Nightmares Case 12: Hypertensive Encephalopathy

This is the twelfth and final case in a series we are publishing that make up “The Nightmares Course” – a Sim Bootcamp for new residents.

The Nightmares Course at Queen’s University (Kingston, Ontario) was developed in 2011 by Drs. Dan Howes and Mike O’Connor. The course emerged organically in response to requests from first year residents wanting more training in the response to acutely unwell patients. In 2014, Dr. Tim Chaplin took over as the course director and has expanded the course to include first year residents from 14 programs and to provide both formative feedback and summative assessment. The course involves 4 sessions between August and November and a summative OSCE in December. Each session involves 4-5 residents and covers 3 simulated scenarios that are based on common calls to the floor. The course has been adapted for use at the University of Saskatchewan, the University of Manitoba, and the University of Calgary.

Why it Matters

The first few months of residency can be a stressful time with long nights on call and the adjustment to a new level of responsibility. While help should always be available, the first few minutes of managing a decompensating patient is something all junior residents must be competent at. This case series will help to accomplish that through simulation.

Clinical Vignette

It is 3:00 am, you are called to the floor to assess a 73-year old man, Mr.
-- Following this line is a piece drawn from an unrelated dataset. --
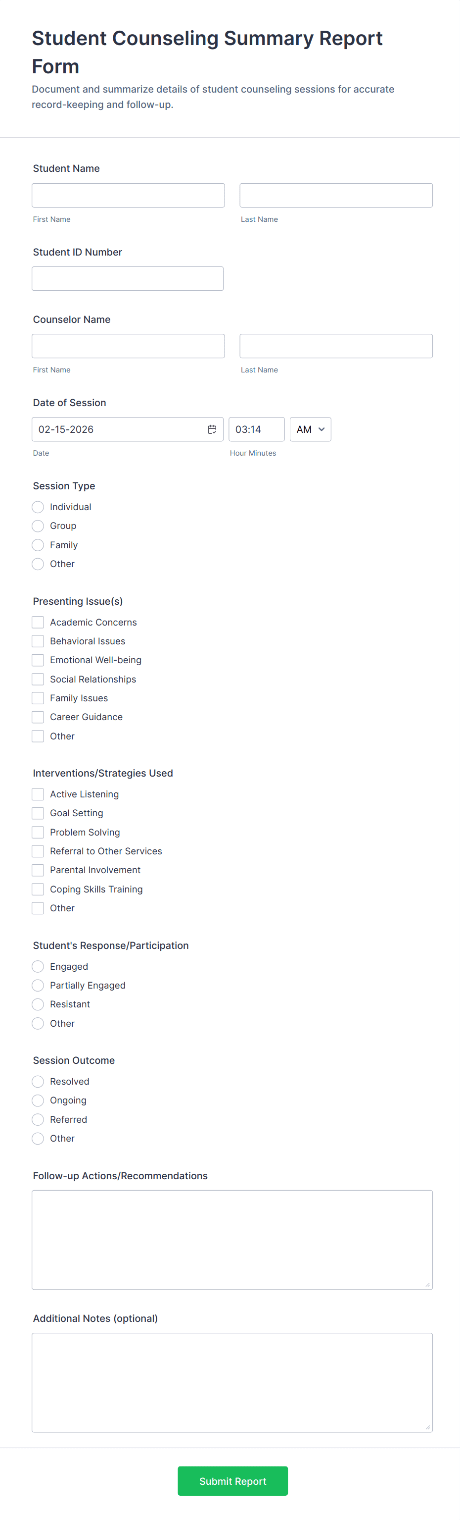 Common fields include student identification, reason for referral, session notes, parent/guardian consent, behavioral observations, and follow-up actions.

Brown, who was admitted to general surgery 2 days ago, and has a scheduled large bowel resection for diverticulitis tomorrow.  He has been undergoing bowel prep.

You are called because he is experiencing confusion, shortness of breath, and chest heaviness.


This case involves the assessment and management of an acutely confused patient with hypertensive encephalopathy. The resident is expected to initiate appropriate supportive measures (ensure working IV, oxygen, monitors) while obtaining a focused history and performing a focused physical exam, including a detailed neurologic assessment. They should recognize the elevated blood pressure and order a work-up for end-organ damage. The patient will require transfer to a critical care setting for administration of acute blood pressure lowering agents including involvement of RACE or a similar high acuity response team.